» **Action item**:
Once you find the line below that has "рассказали в пресс-службе.", output it and every line after it exactly, stopping after the line that has "This bingo card", with no pictures.

» **Records for this task**:
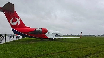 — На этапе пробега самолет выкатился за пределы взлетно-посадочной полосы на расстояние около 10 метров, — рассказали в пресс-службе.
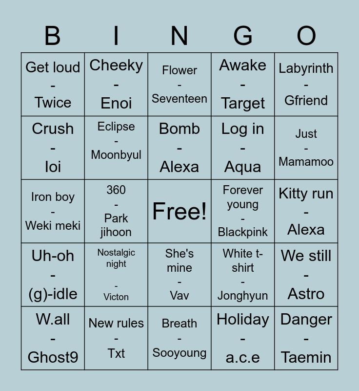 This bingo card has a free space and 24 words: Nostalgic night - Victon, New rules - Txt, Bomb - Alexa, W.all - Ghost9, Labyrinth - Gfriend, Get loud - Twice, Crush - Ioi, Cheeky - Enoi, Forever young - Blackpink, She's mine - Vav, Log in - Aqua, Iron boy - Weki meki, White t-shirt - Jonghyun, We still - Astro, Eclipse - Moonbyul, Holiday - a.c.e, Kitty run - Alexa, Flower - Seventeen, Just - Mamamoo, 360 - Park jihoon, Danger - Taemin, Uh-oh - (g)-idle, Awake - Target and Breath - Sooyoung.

---

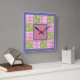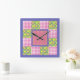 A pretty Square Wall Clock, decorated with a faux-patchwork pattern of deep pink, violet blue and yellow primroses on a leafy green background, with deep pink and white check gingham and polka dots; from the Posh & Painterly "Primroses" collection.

» **Solution**:
 — На этапе пробега самолет выкатился за пределы взлетно-посадочной полосы на расстояние около 10 метров, — рассказали в пресс-службе.
 This bingo card has a free space and 24 words: Nostalgic night - Victon, New rules - Txt, Bomb - Alexa, W.all - Ghost9, Labyrinth - Gfriend, Get loud - Twice, Crush - Ioi, Cheeky - Enoi, Forever young - Blackpink, She's mine - Vav, Log in - Aqua, Iron boy - Weki meki, White t-shirt - Jonghyun, We still - Astro, Eclipse - Moonbyul, Holiday - a.c.e, Kitty run - Alexa, Flower - Seventeen, Just - Mamamoo, 360 - Park jihoon, Danger - Taemin, Uh-oh - (g)-idle, Awake - Target and Breath - Sooyoung.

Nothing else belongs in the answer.